How to separate out issues like monogamy and marriage from patriarchy and sexism is beyond me. I know this is old hat (and maybe we've even discussed this very article? It seems familiar. . . . .) , and we've talked about it a lot on this blog already, but it hit me today that maybe it has nothing at all to do with gender and everything to do with technology.
Or maybe the technology element of this story is inherently gendered. After all, much (most? almost all?) of it was invented by men.
Eva and Ingrid and I have talked about how easy it is to not follow through with social commitments because of cell phones--easy to "be late", "get lost" or "not be able to make it" when some one is en route to a planned rendezvous, or even has already arrived.

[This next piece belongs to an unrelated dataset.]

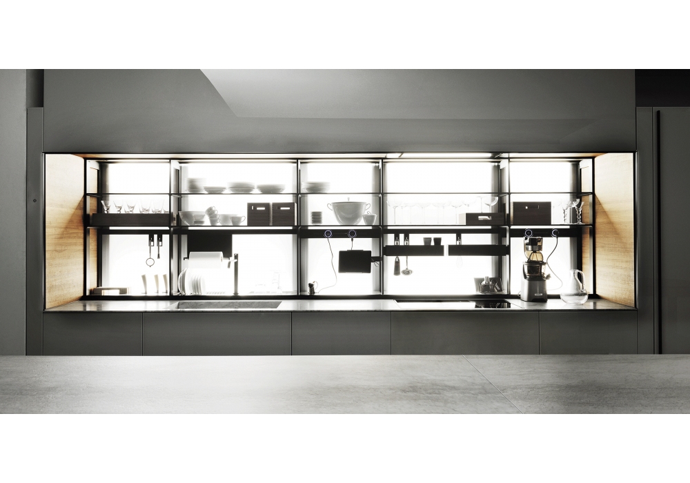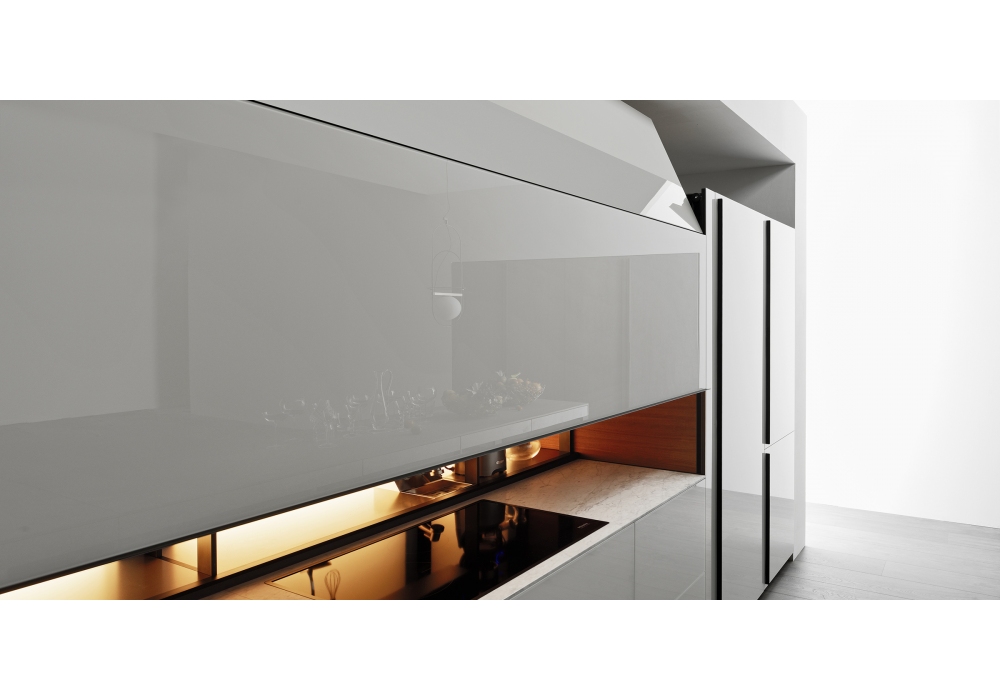 Logica Celata von Gabriele Centazzo für Valcucine entworfen, ist eine Küche, die auf ein facettenreiches Design ausgerichtet ist, auf die Menschen zugeschnitten ist, mit geneigten und mikrogedrehten Kanten gebaut wurde, um den Gebrauch ohne Griffe zu erleichtern und die Praktikabilität und ästhetische Reinheit wiederherzustellen. Die Spitzen können in Glas, Laminat, Stein oder Stahl sein. Türen in Melamin, MDF, Engelshaut oder Glas.

Maybe the commitment thing is just an outcropping of the way technology now enables us to not be definite.
I miss the days of seeing my Grandmother all ready on her couch with her attendant handbag 10 minutes ahead of time waiting for a friend to pick her up for a lunch date. Her friend would never, ever cancel on her. She used to be able to talk doctors into discharging her from her frequent hospital stays early in order to make a bridge party. I helped her prepare for and serve at bridge parties when she was hosting, and she always had a full house, unless someone was on a cruise, someone's husband had died, or someone had herself died in the interval between the extended invitation and the party date.
So, any recent thoughts on the decline of duty, decorum, decent social behavior as it relates to monogamy and marriage? I would like to see a return of the above alliterative list, in a more feminist, enlightened, less classist and more progressive way, of course.